(Credit: All photos by Matthew Wardenaar exclusively for Egotastic!)
Forget all you’ve seen on the Jersey Shore with those not-even-Italian not-even-from-Jersey-girls drunk and fisticuffing on the dance floor, that’s not Jersey. No, our brunette bombshells with attitude up the wazoo who truly are from Jersey, they could inspire Springsteeen to pen fourteen hundred identical songs about them and cause many a man passing his way up the Eastern Seaboard to suddenly find himself hitched to a girl in a tight top with acid-washed jeans who knows how to handle a blade, when the situation calls for it, natch.
To redeem all of Jersey Girl hotness, we called upon our good friend Diana Falzone to take some time off from her Fox News gig and her work with military.com to take a trip out to Malibu and try on some bikinis for our cameras.

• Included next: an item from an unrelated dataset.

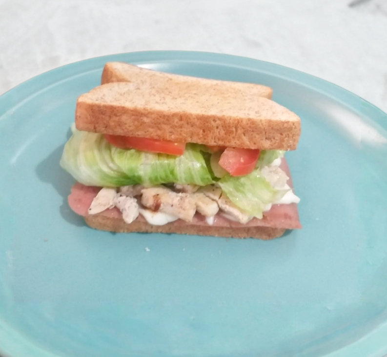 Pan integral, jamón, queso, pollo a la plancha (50 gr), lechuga y tomate.

Sure the ‘save the Jersey rep’ was a lame excuse, but before Diana realized she was snookered, she was in a tiny bikini on the rocks of Malibu and we were snapping away. Such are the deceptive techniques of Egotastic!
But they are a means to an end, and in this case, the beautifully honed body of Diana Falzone and her Roman hotness like the goddess Diana before her, albeit that Diana was known as the virgin goddess, and our Diana, well, let’s just say there were less eligible bachelors in the Roman Pantheon than there are in modern day Manhattan. And in that bikini, well, a man would be stupid not to at least give it a try, or a beg, or a bit of pleading, cajoling, and sobbing as necessary.
Rejoice, Italian-Americans, Jersey Girls, and the 99% of you readers out there who love hot chicks in bikinis. Rejoice, and enjoy.